Benvenuti.
Qui si parla di miti, simboli,
storia e metastoria,
mondi vecchi e mondi nuovi,
e di cospirazioni
che attraversano i secoli.
Qui si scruta l'abisso,
e non si abbandona mai
la fiaccola.
La recente vicenda del presunto assassinio di Osama Bin Laden da parte di un gruppo di militari dell’esercito americano ha riproposto, ancora una volta, la stantia diatriba tra “cospirazionisti” e “non cospirazionisti”.
La novità, nel caso in questione, è rappresentata dal fatto che tale contrapposizione non si è limitata, come solitamente avviene, all’interno dell’autoreferenziale universo della rete, ma ha aperto anche un dibattito nel mondo dell’informazione “ufficiale” che ha presentato qualche fattore inedito, rispetto al passato.
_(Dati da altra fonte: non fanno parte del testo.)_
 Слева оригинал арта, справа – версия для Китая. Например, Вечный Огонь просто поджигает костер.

A grandi linee, si possono infatti suddividere coloro che hanno espresso la loro opinione a proposito dei fatti in questione in tre gruppi:
– coloro che hanno accettato quale veritiera l’opinione fornita dal governo americano;
– i cosiddetti “cospirazionisti”, che dall’inizio hanno dubitato della realtà della operazione, convinti che il personaggio di Bin Laden sia stato negli ultimi anni nient’altro che uno spauracchio utilizzato dagli Usa per diffondere un senso di paura e di allerta nella popolazione;
– infine, le persone che hanno trovato grottesca e poco credibile la versione fornita, ma che hanno tenuto a precisare che dubitare della veridicità di questa morte non fa di loro dei “cospirazionisti”.
E’ evidente che nella prima categoria si possono ascrivere la quasi totalità dei giornalisti dei grandi media, il cui lavoro è ovviamente quello di assecondare e difendere il potere costituito, e che di conseguenza non potevano tenere un comportamento diverso; persone che tengono famiglia, in altre parole.
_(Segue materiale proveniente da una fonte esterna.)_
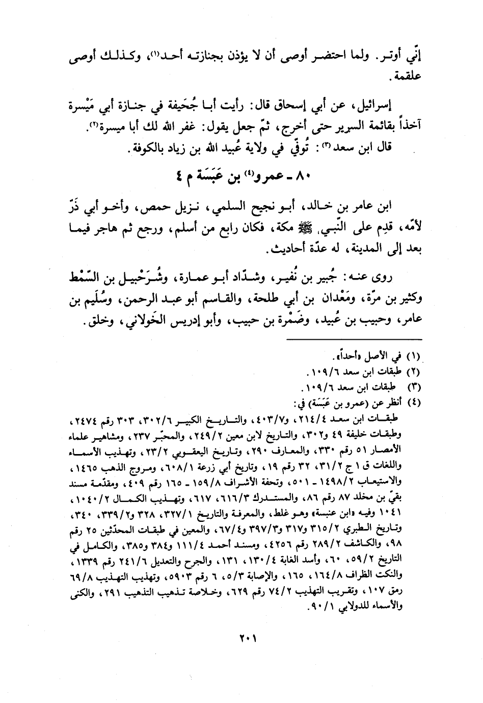 80- عمرو [4] بن عبسة م 4 ابْنِ عَامِرِ بْنِ خَالِدٍ، أَبُو نَجِيحٍ السُّلَمِيُّ، نزيل حِمْصَ، وَأَخُو أَبِي ذَرٍّ لأُمِّهِ، قدِم عَلَى النَّبِيِّ صَلَّى اللَّهُ عَلَيْهِ وَسَلَّمَ مَكَّةَ، فَكَانَ رَابِعَ مَنْ أَسْلَمَ، وَرَجَعَ ثُمَّ هَاجَرَ فِيمَا بَعْدُ إِلَى الْمَدِينَةِ، لَهُ عِدَّةُ أَحَادِيثَ.

La reazione più interessante, tuttavia, è quella del terzo gruppo.
Si tratta di persone che in generale hanno ritenuto valida la versione offerta dal governo statunitense a proposito della tragedia dell’11 Settembre, ma che si sono rese conto che avvallare anche il ridicolo resoconto riguardante la morte di Bin Laden sarebbe stato un insulto alla propria intelligenza, dal momento che il racconto risultava troppo grottesco per essere creduto da una persona mediamente razionale.
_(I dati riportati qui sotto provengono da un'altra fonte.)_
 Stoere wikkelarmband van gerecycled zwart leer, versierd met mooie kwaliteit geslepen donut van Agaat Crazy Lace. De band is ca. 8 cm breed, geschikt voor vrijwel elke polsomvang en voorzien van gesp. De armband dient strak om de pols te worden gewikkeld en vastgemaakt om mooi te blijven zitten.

In quest’ultimo gruppo si ripresentava spesso, quale introduzione ai propri ragionamenti, una premessa emblematica: “non sono un cospirazionista, ma…”
Ecco quindi che, ancora una volta, si ripropone la solita questione, trita e ritrita: ma chi sarebbe, un cospirazionista?
E’ bene chiarire subito un aspetto: il “cospirazionismo”, per come lo intendono coloro che usano tale termine in modo spregiativo, non esiste, o per meglio dire, è fenomeno assai raro, e molto circoscritto.
Chi usa questa espressione per dissociarsi da esso ha in mente una serie di qualità ben precise: il cospirazionista sarebbe colui che in ogni avvenimento che succede intorno a lui vede un complotto, colui che crede a tutte le teorie della cospirazione che prolificano nella rete.
L’11 settembre è stato un auto attentato, i reali del pianeta sono dei rettili, gli aerei sopra di noi ci stanno avvelenando con le scie chimiche, Elvis è ancora vivo, gli alieni controllano il mondo, la massoneria è una creazione dei gesuiti: il cospirazionista, secondo costoro, crede a tutto questo, e a molto ancora, a patto che si tratti di teorie che contrastano con le versioni ufficiali; basta inoltre che una persona accenni un dubbio anche su una sola di tali questioni ed ecco che automaticamente egli abbraccia anche tutte le altre.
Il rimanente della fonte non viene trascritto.